Key Loggers – These are programs designed to track the keys pressed on a keyboard without the user’s knowledge. Malicious uses for this include password capturing and information retrieval. For example - text written in an email is recorded and the user’s writing style can then be mimicked to impersonate the author.

Spyware – This is used to collect personal information about the end user without their knowledge, such as credit card numbers, email addresses and web surfing habits for marketing purposes. Some side effects of spyware infection can be a changed homepage address, slowed internet performance, pop-up advertisements and a redirection of visited websites.

Adware – This is typically installed unwittingly by the end-user and is a common component of free software such as file sharing applications. A brief mention of it will be hidden within the end-user license agreement.  Although it does officially warn the user of its presence, it rarely informs of its impact.

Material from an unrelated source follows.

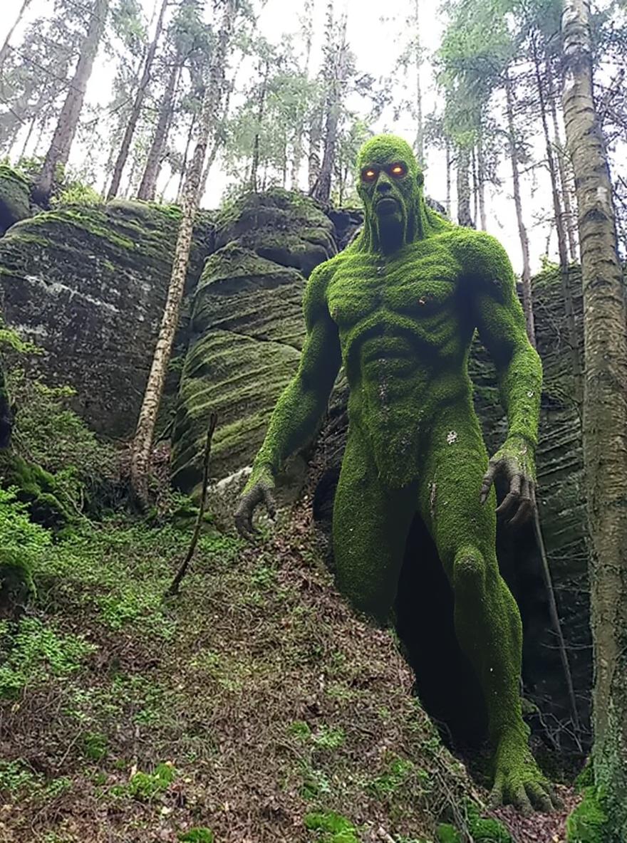 Mechový Strážce is a legendary, awe-inspiring cryptid known only from rare sightings deep in the sandstone forests of Královéhradecký kraj. This creature stands between 2.5 and 3 meters tall, its body perfectly mimicking the appearance and texture of mossy stone through biochromatic skin and a crust of living symbiotic mosses and lichens. Its limbs are elongated and segmented, resembling twisted roots and eroded stone, while its back is covered in layered, striated plates that echo the local sandstone’s unique patterns. The cryptid is semi-sessile, able to anchor itself motionless for decades, absorbing nutrients from the rock and air through specialized hyphal filaments. At dusk or when disturbed, it can slowly detach and move with a grinding, echoing stride. Its sensory organs are embedded in deep eye sockets concealed by mossy tufts, allowing it to perceive vibrations and chemical cues. Mechový Strážce is said to be a silent guardian, emerging to protect the forest only when ancient stones are threatened. Its rarity is legendary—folk tales claim only those pure of heart or lost in the mist ever glimpse it. Its existence is scientifically explained by a unique convergent evolution between animal and fungal kingdoms, granting it unparalleled camouflage and resilience. Weaknesses: extremely slow movement and vulnerability to drought.

Like spyware, Adware collects information about the user which can be used for targeted advertisements in the form of banners and pop ups.

Scareware – This is a misleading form of Popup Adware which falsely notifies the user of harmful threats it has ‘found’ on their computer. It then entices the user to click a link to resolve the issue (this link usually installs further adware, spyware etc.) A recent example of this threat is Antivirus 2009.

Botnets – These are an army of compromised computers that are covertly under control by the Botnet operator. The combined resources of twenty thousand or more infected machines create a super computer, which can then be used for a variety of exploitive purposes. The operator can then rent out the services of the Botnet to underground figures to facilitate mischief.  Examples of this include mass email spamming, denial-of-service attacks to bring down entire websites, or pay-per-click fraud. Crime syndicates have been known to use a Botnet for the theft of personal and financial information from corporations. The corruptive uses for Botnets are extensive and the nature of their design makes them almost impossible to defend against or police.